═════ INPUT FOR THIS TASK

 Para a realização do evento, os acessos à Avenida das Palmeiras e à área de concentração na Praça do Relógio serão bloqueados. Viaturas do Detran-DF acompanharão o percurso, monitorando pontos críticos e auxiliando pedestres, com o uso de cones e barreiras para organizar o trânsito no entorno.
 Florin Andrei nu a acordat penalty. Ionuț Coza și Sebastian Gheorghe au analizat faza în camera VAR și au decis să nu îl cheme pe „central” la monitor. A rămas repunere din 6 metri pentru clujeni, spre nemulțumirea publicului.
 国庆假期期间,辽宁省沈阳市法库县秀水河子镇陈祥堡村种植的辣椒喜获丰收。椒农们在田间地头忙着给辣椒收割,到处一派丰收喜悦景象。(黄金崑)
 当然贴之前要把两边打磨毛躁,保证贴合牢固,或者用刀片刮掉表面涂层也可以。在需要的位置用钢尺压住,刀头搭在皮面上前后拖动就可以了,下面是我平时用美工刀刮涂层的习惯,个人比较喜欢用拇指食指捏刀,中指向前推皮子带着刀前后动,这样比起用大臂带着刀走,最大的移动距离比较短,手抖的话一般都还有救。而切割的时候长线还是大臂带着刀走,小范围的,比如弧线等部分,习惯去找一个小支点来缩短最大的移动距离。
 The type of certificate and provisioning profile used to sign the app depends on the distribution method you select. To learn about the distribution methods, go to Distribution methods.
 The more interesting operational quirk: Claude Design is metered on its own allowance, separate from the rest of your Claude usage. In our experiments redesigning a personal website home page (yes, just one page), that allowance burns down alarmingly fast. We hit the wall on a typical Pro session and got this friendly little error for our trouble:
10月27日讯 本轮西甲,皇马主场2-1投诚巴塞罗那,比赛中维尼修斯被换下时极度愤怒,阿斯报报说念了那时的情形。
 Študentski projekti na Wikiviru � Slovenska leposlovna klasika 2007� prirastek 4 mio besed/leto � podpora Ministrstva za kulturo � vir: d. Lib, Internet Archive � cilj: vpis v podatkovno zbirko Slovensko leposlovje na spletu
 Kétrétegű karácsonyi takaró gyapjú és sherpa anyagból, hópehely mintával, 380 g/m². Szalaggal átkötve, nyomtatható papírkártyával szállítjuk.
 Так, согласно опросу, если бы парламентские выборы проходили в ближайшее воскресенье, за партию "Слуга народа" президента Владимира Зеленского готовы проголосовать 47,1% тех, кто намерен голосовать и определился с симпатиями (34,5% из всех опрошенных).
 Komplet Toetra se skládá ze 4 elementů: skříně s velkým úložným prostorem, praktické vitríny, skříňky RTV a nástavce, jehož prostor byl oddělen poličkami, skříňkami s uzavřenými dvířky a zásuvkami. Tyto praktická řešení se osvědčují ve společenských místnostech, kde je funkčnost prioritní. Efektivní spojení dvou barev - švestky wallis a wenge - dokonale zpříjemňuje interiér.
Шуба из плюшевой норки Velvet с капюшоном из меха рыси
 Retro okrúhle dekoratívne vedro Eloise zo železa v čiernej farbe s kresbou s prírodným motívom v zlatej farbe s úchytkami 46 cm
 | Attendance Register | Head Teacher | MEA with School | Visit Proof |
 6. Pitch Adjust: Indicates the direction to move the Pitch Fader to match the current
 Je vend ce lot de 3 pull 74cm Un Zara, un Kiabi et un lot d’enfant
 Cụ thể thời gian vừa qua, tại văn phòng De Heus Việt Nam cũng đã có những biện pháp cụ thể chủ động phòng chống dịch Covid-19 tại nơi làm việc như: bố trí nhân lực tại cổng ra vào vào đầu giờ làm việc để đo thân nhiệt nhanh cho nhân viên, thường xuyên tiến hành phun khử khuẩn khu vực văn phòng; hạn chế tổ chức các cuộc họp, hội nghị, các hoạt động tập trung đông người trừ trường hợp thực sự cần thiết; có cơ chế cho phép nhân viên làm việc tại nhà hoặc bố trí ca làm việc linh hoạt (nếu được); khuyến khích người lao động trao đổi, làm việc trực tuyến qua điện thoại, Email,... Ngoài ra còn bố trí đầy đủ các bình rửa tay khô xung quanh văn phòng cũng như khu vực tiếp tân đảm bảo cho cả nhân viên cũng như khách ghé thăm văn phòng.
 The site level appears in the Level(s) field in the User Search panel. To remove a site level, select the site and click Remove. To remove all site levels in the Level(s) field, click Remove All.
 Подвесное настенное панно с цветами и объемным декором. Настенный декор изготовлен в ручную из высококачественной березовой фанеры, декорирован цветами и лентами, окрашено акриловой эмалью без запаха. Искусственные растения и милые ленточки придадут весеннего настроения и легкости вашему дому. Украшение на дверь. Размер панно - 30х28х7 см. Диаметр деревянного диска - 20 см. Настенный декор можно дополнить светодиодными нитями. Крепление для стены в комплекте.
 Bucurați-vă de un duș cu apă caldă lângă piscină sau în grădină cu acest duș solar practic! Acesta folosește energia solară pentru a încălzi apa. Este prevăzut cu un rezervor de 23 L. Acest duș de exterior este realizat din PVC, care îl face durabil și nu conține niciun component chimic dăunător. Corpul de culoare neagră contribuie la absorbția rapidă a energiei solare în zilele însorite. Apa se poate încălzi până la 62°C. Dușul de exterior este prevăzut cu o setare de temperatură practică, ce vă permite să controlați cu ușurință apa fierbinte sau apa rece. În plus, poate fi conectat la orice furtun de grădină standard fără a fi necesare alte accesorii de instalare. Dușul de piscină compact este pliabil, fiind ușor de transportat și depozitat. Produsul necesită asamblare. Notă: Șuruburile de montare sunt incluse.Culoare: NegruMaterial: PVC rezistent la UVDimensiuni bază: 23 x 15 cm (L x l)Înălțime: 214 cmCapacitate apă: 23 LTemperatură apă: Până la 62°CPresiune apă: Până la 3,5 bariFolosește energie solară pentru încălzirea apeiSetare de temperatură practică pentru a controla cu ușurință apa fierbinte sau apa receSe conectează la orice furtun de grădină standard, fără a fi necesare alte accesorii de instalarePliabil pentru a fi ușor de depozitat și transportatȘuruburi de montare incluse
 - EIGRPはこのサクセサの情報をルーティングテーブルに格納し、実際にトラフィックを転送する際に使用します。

══════════

*TASK*: For this exercise, retype the complete listing exactly.

*EXERCISE RESULT*:
 Para a realização do evento, os acessos à Avenida das Palmeiras e à área de concentração na Praça do Relógio serão bloqueados. Viaturas do Detran-DF acompanharão o percurso, monitorando pontos críticos e auxiliando pedestres, com o uso de cones e barreiras para organizar o trânsito no entorno.
 Florin Andrei nu a acordat penalty. Ionuț Coza și Sebastian Gheorghe au analizat faza în camera VAR și au decis să nu îl cheme pe „central” la monitor. A rămas repunere din 6 metri pentru clujeni, spre nemulțumirea publicului.
 国庆假期期间,辽宁省沈阳市法库县秀水河子镇陈祥堡村种植的辣椒喜获丰收。椒农们在田间地头忙着给辣椒收割,到处一派丰收喜悦景象。(黄金崑)
 当然贴之前要把两边打磨毛躁,保证贴合牢固,或者用刀片刮掉表面涂层也可以。在需要的位置用钢尺压住,刀头搭在皮面上前后拖动就可以了,下面是我平时用美工刀刮涂层的习惯,个人比较喜欢用拇指食指捏刀,中指向前推皮子带着刀前后动,这样比起用大臂带着刀走,最大的移动距离比较短,手抖的话一般都还有救。而切割的时候长线还是大臂带着刀走,小范围的,比如弧线等部分,习惯去找一个小支点来缩短最大的移动距离。
 The type of certificate and provisioning profile used to sign the app depends on the distribution method you select. To learn about the distribution methods, go to Distribution methods.
 The more interesting operational quirk: Claude Design is metered on its own allowance, separate from the rest of your Claude usage. In our experiments redesigning a personal website home page (yes, just one page), that allowance burns down alarmingly fast. We hit the wall on a typical Pro session and got this friendly little error for our trouble:
10月27日讯 本轮西甲,皇马主场2-1投诚巴塞罗那,比赛中维尼修斯被换下时极度愤怒,阿斯报报说念了那时的情形。
 Študentski projekti na Wikiviru � Slovenska leposlovna klasika 2007� prirastek 4 mio besed/leto � podpora Ministrstva za kulturo � vir: d. Lib, Internet Archive � cilj: vpis v podatkovno zbirko Slovensko leposlovje na spletu
 Kétrétegű karácsonyi takaró gyapjú és sherpa anyagból, hópehely mintával, 380 g/m². Szalaggal átkötve, nyomtatható papírkártyával szállítjuk.
 Так, согласно опросу, если бы парламентские выборы проходили в ближайшее воскресенье, за партию "Слуга народа" президента Владимира Зеленского готовы проголосовать 47,1% тех, кто намерен голосовать и определился с симпатиями (34,5% из всех опрошенных).
 Komplet Toetra se skládá ze 4 elementů: skříně s velkým úložným prostorem, praktické vitríny, skříňky RTV a nástavce, jehož prostor byl oddělen poličkami, skříňkami s uzavřenými dvířky a zásuvkami. Tyto praktická řešení se osvědčují ve společenských místnostech, kde je funkčnost prioritní. Efektivní spojení dvou barev - švestky wallis a wenge - dokonale zpříjemňuje interiér.
Шуба из плюшевой норки Velvet с капюшоном из меха рыси
 Retro okrúhle dekoratívne vedro Eloise zo železa v čiernej farbe s kresbou s prírodným motívom v zlatej farbe s úchytkami 46 cm
 | Attendance Register | Head Teacher | MEA with School | Visit Proof |
 6. Pitch Adjust: Indicates the direction to move the Pitch Fader to match the current
 Je vend ce lot de 3 pull 74cm Un Zara, un Kiabi et un lot d’enfant
 Cụ thể thời gian vừa qua, tại văn phòng De Heus Việt Nam cũng đã có những biện pháp cụ thể chủ động phòng chống dịch Covid-19 tại nơi làm việc như: bố trí nhân lực tại cổng ra vào vào đầu giờ làm việc để đo thân nhiệt nhanh cho nhân viên, thường xuyên tiến hành phun khử khuẩn khu vực văn phòng; hạn chế tổ chức các cuộc họp, hội nghị, các hoạt động tập trung đông người trừ trường hợp thực sự cần thiết; có cơ chế cho phép nhân viên làm việc tại nhà hoặc bố trí ca làm việc linh hoạt (nếu được); khuyến khích người lao động trao đổi, làm việc trực tuyến qua điện thoại, Email,... Ngoài ra còn bố trí đầy đủ các bình rửa tay khô xung quanh văn phòng cũng như khu vực tiếp tân đảm bảo cho cả nhân viên cũng như khách ghé thăm văn phòng.
 The site level appears in the Level(s) field in the User Search panel. To remove a site level, select the site and click Remove. To remove all site levels in the Level(s) field, click Remove All.
 Подвесное настенное панно с цветами и объемным декором. Настенный декор изготовлен в ручную из высококачественной березовой фанеры, декорирован цветами и лентами, окрашено акриловой эмалью без запаха. Искусственные растения и милые ленточки придадут весеннего настроения и легкости вашему дому. Украшение на дверь. Размер панно - 30х28х7 см. Диаметр деревянного диска - 20 см. Настенный декор можно дополнить светодиодными нитями. Крепление для стены в комплекте.
 Bucurați-vă de un duș cu apă caldă lângă piscină sau în grădină cu acest duș solar practic! Acesta folosește energia solară pentru a încălzi apa. Este prevăzut cu un rezervor de 23 L. Acest duș de exterior este realizat din PVC, care îl face durabil și nu conține niciun component chimic dăunător. Corpul de culoare neagră contribuie la absorbția rapidă a energiei solare în zilele însorite. Apa se poate încălzi până la 62°C. Dușul de exterior este prevăzut cu o setare de temperatură practică, ce vă permite să controlați cu ușurință apa fierbinte sau apa rece. În plus, poate fi conectat la orice furtun de grădină standard fără a fi necesare alte accesorii de instalare. Dușul de piscină compact este pliabil, fiind ușor de transportat și depozitat. Produsul necesită asamblare. Notă: Șuruburile de montare sunt incluse.Culoare: NegruMaterial: PVC rezistent la UVDimensiuni bază: 23 x 15 cm (L x l)Înălțime: 214 cmCapacitate apă: 23 LTemperatură apă: Până la 62°CPresiune apă: Până la 3,5 bariFolosește energie solară pentru încălzirea apeiSetare de temperatură practică pentru a controla cu ușurință apa fierbinte sau apa receSe conectează la orice furtun de grădină standard, fără a fi necesare alte accesorii de instalarePliabil pentru a fi ușor de depozitat și transportatȘuruburi de montare incluse
 - EIGRPはこのサクセサの情報をルーティングテーブルに格納し、実際にトラフィックを転送する際に使用します。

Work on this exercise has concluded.